Question

how to solve the given Quadratic equation. 1960x² -39.2x - 15.68 = 0 ​

Answer 1

Answer:

Given the following quadratic equation.

=> 1960x² - 39.2x - 15.68 = 0

The HCF of each coefficient and constant is 392. So divide both sides by 392, we get.

=> 5x² - 0.1x - 0.04 = 0

To make calculation easier, we should not have the coefficient of x and the constant term in decimal.
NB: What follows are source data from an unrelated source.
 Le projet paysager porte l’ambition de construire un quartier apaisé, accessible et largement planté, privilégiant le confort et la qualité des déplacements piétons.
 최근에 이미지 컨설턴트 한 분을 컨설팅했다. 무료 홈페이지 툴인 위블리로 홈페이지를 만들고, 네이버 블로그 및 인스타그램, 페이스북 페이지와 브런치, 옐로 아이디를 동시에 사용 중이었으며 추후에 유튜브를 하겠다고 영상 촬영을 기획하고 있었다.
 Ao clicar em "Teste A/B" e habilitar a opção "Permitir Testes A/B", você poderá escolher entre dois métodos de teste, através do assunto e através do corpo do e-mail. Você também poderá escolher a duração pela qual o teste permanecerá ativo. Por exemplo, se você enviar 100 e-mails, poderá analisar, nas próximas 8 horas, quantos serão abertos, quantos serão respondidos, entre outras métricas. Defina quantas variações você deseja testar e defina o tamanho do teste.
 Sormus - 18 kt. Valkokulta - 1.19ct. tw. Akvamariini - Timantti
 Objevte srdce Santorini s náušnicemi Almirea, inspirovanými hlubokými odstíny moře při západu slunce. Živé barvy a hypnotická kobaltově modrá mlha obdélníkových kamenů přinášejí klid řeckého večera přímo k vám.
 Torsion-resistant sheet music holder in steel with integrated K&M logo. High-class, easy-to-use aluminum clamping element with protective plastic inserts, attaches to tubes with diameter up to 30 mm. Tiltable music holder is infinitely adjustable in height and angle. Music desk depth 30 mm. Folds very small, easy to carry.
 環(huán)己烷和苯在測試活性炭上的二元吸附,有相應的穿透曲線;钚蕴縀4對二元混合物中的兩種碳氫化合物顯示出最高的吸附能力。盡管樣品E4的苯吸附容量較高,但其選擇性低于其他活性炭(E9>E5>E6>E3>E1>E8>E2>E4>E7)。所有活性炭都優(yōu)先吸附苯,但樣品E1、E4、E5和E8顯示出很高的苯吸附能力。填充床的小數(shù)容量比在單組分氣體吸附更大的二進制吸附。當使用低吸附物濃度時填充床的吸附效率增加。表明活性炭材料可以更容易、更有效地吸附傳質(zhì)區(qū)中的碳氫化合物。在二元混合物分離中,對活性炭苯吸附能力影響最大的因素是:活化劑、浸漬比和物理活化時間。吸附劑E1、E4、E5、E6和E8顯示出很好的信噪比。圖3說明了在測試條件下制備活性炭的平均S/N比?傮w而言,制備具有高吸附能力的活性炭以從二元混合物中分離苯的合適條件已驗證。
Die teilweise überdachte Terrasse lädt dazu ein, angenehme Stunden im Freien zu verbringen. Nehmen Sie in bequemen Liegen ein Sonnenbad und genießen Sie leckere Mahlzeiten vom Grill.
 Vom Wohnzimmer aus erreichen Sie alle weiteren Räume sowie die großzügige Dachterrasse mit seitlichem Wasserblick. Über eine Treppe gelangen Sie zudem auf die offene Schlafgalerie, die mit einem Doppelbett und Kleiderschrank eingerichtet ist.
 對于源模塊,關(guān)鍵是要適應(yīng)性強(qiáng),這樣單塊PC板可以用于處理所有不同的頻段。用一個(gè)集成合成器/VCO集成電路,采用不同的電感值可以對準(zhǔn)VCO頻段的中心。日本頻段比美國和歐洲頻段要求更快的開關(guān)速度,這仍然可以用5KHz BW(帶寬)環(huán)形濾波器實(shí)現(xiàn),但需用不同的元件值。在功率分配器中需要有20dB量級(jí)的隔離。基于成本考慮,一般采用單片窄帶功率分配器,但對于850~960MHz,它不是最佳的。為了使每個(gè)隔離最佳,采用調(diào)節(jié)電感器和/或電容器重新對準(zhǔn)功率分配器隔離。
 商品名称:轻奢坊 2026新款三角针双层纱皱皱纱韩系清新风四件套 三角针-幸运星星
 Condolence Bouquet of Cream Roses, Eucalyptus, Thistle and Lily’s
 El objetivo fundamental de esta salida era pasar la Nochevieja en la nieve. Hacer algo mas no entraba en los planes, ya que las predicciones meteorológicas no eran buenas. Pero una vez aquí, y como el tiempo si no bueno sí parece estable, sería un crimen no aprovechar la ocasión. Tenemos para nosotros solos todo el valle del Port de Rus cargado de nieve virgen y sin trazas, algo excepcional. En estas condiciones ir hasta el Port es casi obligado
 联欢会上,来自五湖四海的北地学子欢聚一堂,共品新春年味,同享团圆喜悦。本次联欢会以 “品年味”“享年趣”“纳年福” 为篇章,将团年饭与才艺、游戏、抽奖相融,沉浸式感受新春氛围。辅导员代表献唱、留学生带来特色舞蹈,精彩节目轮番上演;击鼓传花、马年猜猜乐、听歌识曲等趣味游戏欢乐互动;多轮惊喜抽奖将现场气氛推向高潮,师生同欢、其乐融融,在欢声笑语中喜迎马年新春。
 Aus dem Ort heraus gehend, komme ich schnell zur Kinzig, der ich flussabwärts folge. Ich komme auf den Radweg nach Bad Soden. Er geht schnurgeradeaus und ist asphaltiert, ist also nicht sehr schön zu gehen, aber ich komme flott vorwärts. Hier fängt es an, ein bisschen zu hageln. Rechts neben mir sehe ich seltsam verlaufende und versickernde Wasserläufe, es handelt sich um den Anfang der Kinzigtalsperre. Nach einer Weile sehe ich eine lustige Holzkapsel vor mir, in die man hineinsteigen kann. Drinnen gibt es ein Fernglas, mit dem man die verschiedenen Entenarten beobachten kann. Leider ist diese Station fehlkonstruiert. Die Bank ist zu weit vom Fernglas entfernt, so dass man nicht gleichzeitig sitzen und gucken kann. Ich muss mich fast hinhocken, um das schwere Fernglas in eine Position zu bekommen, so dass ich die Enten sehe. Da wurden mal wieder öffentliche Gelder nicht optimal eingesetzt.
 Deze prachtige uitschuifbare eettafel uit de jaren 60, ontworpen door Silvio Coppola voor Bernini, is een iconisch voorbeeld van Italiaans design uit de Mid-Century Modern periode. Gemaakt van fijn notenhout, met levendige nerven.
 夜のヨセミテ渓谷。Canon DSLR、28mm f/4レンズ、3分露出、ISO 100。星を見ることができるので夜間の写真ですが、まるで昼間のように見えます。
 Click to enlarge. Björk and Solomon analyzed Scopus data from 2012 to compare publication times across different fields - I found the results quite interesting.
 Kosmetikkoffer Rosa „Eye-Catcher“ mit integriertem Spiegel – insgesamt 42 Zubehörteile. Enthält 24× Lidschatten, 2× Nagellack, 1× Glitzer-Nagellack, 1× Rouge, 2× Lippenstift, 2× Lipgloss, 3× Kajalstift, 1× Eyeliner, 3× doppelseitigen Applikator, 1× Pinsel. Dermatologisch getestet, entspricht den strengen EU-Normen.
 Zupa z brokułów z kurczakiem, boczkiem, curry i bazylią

So Multiply both sides by 100.

=> 500x² - 10x - 4 = 0

Splitting the middle term, we get

=> 500x² - 50x + 40x - 4 = 0

=> 50x (10x - 1) + 4(10x - 1) = 0

=> (10x - 1)(50x + 4) = 0

Case-1

=> 10x - 1 = 0

=> 10x = 1

=> x = 1/10

Case-2

=> 50x + 4 = 0

=> 50x = -4

=> x = -4/50

=> x = -2/25

Hence, x = 1/10, -2/25

Answer 2

Topic :-

Quadratic Equation

To Solve :-

$\mathtt {1960x^2-39.2x-15.68=0}$

Solution :-

Technique 1

Using Quadratic Formula

The solution of the quadratic equation, ax² + bx + c = 0 is given by

$\mathtt{x=\dfrac{-b \pm \sqrt {b^2-4ac}}{2a}}$

Quadratic Equation : $\mathtt {1960x^2-39.2x-15.68=0}$

here

a = 1960

b = -39.2

c = -15.68

Apply Quadratic Formula,

$\mathtt{x=\dfrac{39.2 \pm \sqrt {(-39.2)^2-4(1960)(-15.68)}}{2(1960)}}$

$\mathtt{x=\dfrac{39.2 \pm \sqrt {(1536.64)+(122931.2)}}{3920}}$

$\mathtt{x=\dfrac{39.2 \pm \sqrt {124467.84}}{3920}}$

$\mathtt{x=\dfrac{39.2 \pm 352.8}{3920}}$

$\mathtt{x=\dfrac{39.2 + 352.8}{3920},\dfrac{39.2 - 352.8}{3920}}$

$\mathtt{x=\dfrac{392}{3920},\dfrac{-313.6}{3920}}$

$\mathtt{x=0.1,-0.08}$

Technique 2 :-

$\mathtt {1960x^2-39.2x-15.68=0}$

$\mathtt {1960x^2-196x+156.8x-15.68=0}$

$\mathtt {196x(10x-1)+15.68(10x-1)=0}$

$\mathtt {(10x-1)(196x+15.68)=0}$

$\mathtt {(10x-1)=0}$

$\mathtt {x=0.1}$

$\mathtt {(196x+15.68)=0}$

$\mathtt {x=-0.08}$

Answer :-

So, value of x which satisfies equation are 0.1 and -0.08.